━━━ Dataset excerpts

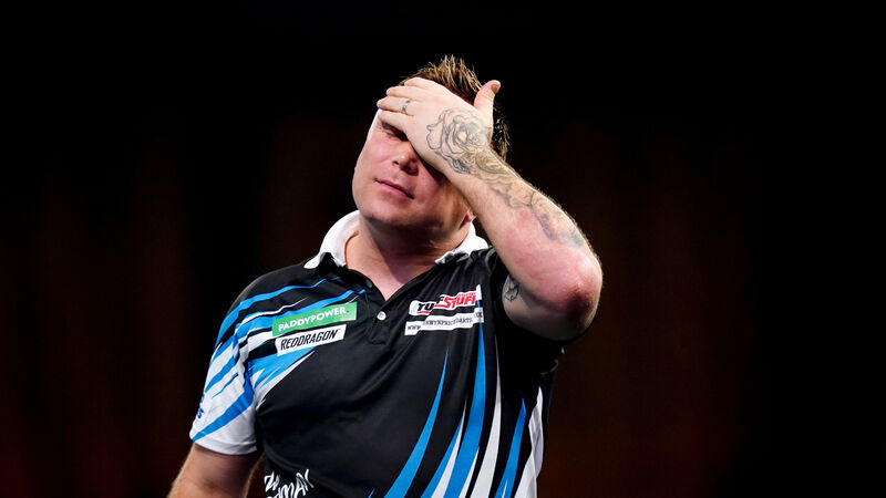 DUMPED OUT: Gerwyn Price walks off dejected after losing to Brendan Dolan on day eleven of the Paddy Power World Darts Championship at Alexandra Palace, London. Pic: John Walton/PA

━━━━━━
━━━ Dataset excerpts

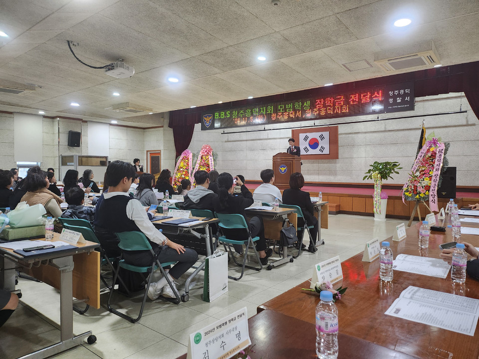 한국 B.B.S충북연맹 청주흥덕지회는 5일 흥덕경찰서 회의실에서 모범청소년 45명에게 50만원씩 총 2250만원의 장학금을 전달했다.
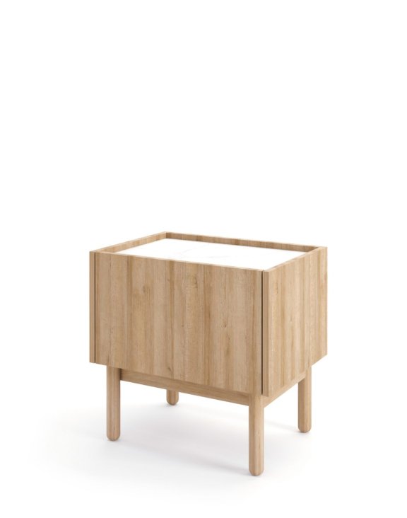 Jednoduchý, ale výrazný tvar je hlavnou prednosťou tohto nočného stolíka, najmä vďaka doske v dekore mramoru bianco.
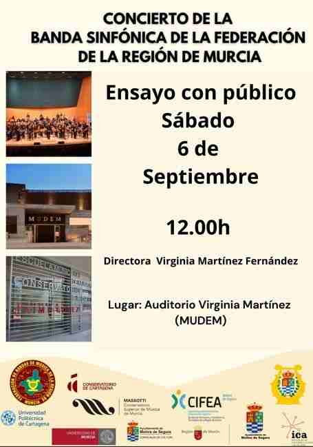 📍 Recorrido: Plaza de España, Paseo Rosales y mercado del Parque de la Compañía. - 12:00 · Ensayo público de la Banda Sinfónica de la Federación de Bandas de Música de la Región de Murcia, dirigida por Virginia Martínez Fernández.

━━━━━━
━━━ Dataset excerpts

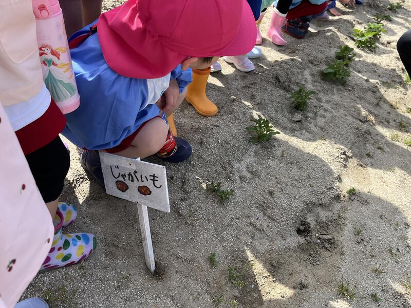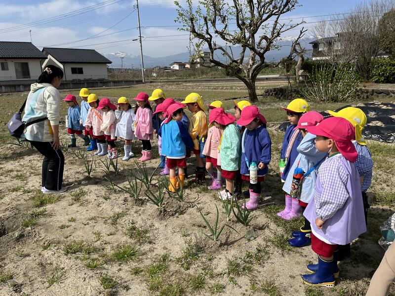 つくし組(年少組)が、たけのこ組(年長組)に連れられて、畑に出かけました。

━━━━━━

__Work instructions__: Would you please reproduce the entries above, starting at the line with "Jednoduchý, ale výrazný" and stopping after the line with "Virginia Martínez Fernández."? Omit any pictures.

__Solution to this exercise__:
 Jednoduchý, ale výrazný tvar je hlavnou prednosťou tohto nočného stolíka, najmä vďaka doske v dekore mramoru bianco.
 📍 Recorrido: Plaza de España, Paseo Rosales y mercado del Parque de la Compañía. - 12:00 · Ensayo público de la Banda Sinfónica de la Federación de Bandas de Música de la Región de Murcia, dirigida por Virginia Martínez Fernández.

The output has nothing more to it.